Ecosystem Contributions

  • Grafana Labs: Official dashboard repository
  • Prometheus: Included in official exporters list
  • CNCF: Referenced in observability best practices
  • OpenMetrics: Compliance with specification

Future Roadmap

Near Term (2025 Q1)

  • OpenTelemetry support for traces and logs
  • eBPF-based collection for kernel metrics
  • GraphQL API for complex queries
  • Kubernetes operator for automated deployment

Long Term Vision

  • AI-powered capacity planning
  • Multi-cloud cost optimization
  • Predictive failure detection
  • Automated performance tuning

Conclusion

SLURM Exporter has become an essential component of modern HPC infrastructure, bridging the gap between traditional cluster management and cloud-native observability. By providing deep insights into cluster operations through familiar tools, we've enabled organizations to operate more efficiently, reduce downtime, and optimize resource utilization.

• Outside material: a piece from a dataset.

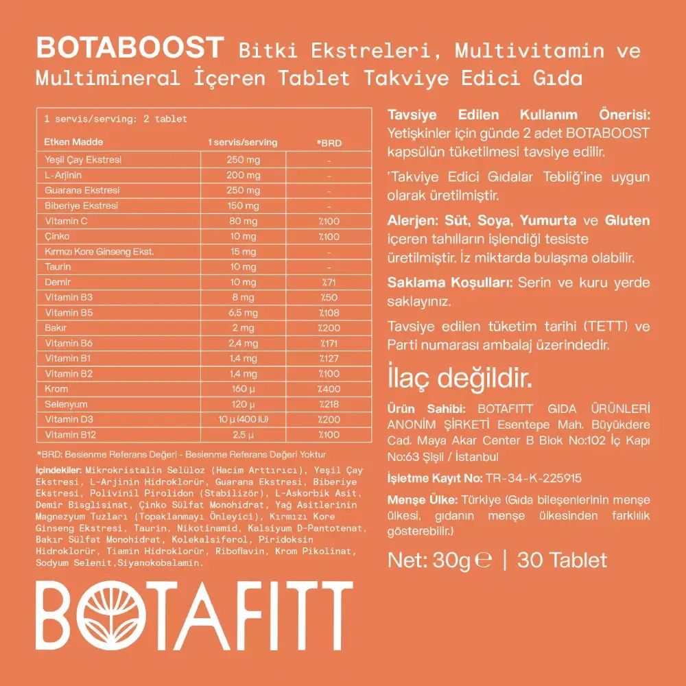 Guarana Ekstresi, Yeşil Çay Ekstresi, Kore Ginsengi Ekstresi, L- arginine, Taurine, B & C Vitamini, Krom Pikolinat & Selenyum & Bakır & Demir.

The project's success demonstrates the value of bringing modern observability practices to HPC, enabling teams to apply lessons learned from cloud-native environments to traditional supercomputing infrastructure. As HPC continues to evolve towards hybrid and cloud models, SLURM Exporter provides the visibility needed to navigate this transformation successfully.